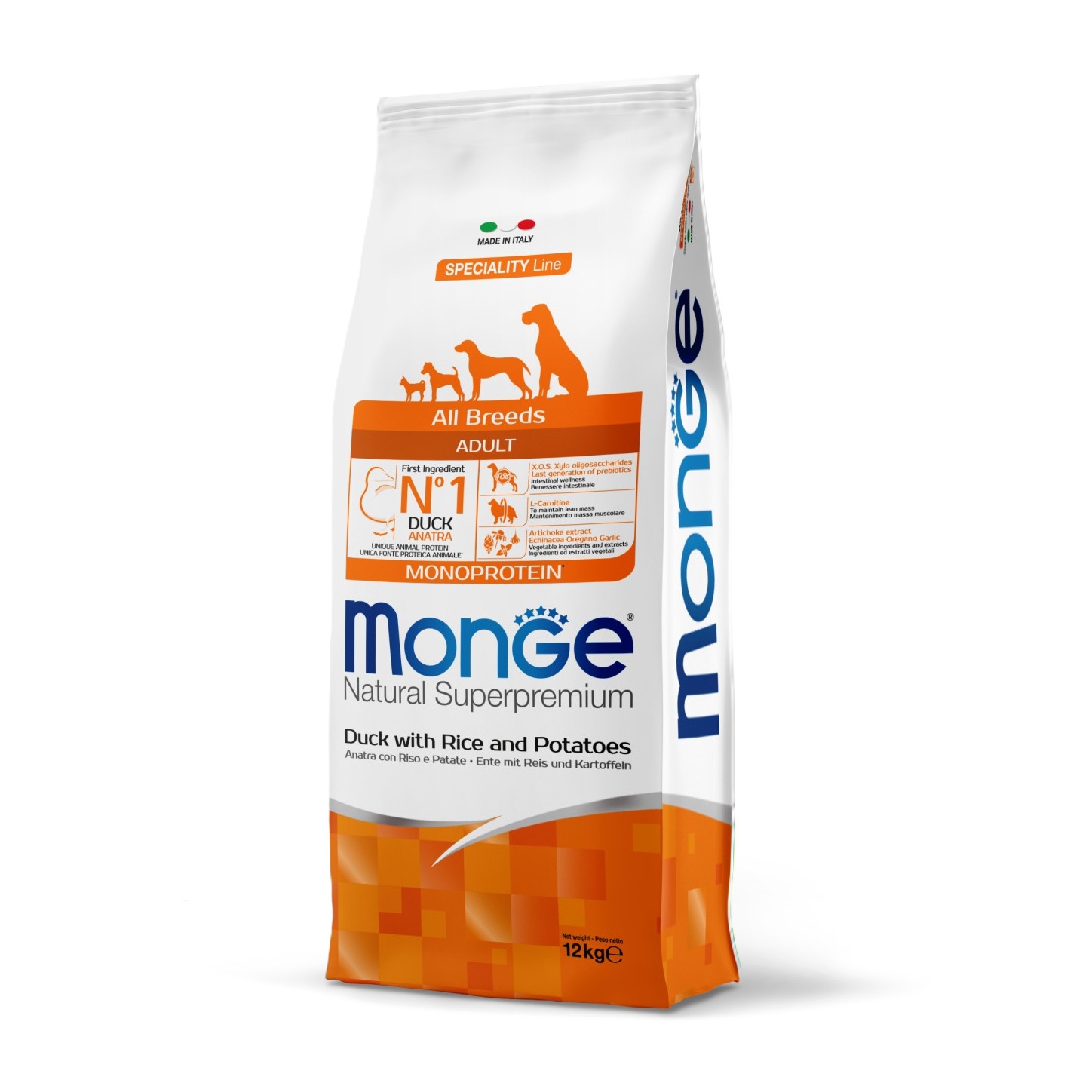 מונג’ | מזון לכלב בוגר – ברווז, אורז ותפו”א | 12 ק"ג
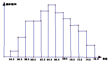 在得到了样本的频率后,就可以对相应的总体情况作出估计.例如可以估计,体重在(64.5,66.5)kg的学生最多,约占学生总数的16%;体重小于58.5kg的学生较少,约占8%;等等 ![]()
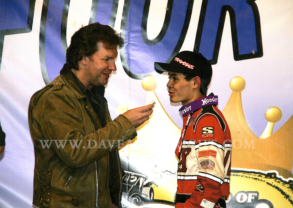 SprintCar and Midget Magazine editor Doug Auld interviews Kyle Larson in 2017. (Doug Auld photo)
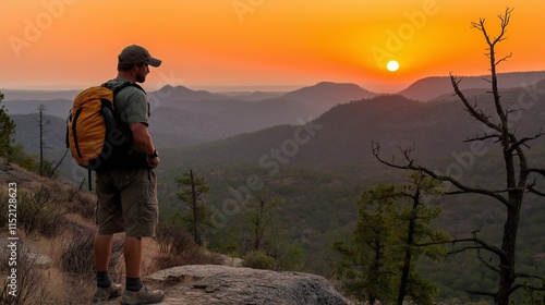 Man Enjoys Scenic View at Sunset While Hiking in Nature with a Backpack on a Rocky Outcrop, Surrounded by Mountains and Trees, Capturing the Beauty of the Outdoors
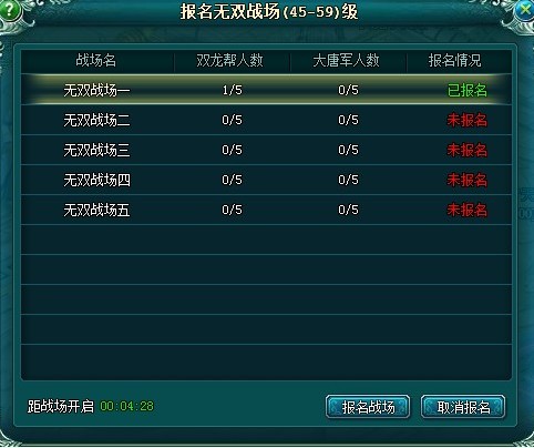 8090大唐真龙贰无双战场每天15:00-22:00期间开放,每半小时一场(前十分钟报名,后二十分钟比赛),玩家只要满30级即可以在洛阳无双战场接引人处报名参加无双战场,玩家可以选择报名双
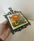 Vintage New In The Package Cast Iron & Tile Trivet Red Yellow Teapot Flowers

__EXERCISE INSTRUCTIONS__. Print every entry verbatim and leave all pictures out.

__SOLUTION__.
 מונג’ | מזון לכלב בוגר – ברווז, אורז ותפו”א | 12 ק"ג
 在得到了样本的频率后,就可以对相应的总体情况作出估计.例如可以估计,体重在(64.5,66.5)kg的学生最多,约占学生总数的16%;体重小于58.5kg的学生较少,约占8%;等等 ![]()
 SprintCar and Midget Magazine editor Doug Auld interviews Kyle Larson in 2017. (Doug Auld photo)
 Man Enjoys Scenic View at Sunset While Hiking in Nature with a Backpack on a Rocky Outcrop, Surrounded by Mountains and Trees, Capturing the Beauty of the Outdoors
 8090大唐真龙贰无双战场每天15:00-22:00期间开放,每半小时一场(前十分钟报名,后二十分钟比赛),玩家只要满30级即可以在洛阳无双战场接引人处报名参加无双战场,玩家可以选择报名双
 Vintage New In The Package Cast Iron & Tile Trivet Red Yellow Teapot Flowers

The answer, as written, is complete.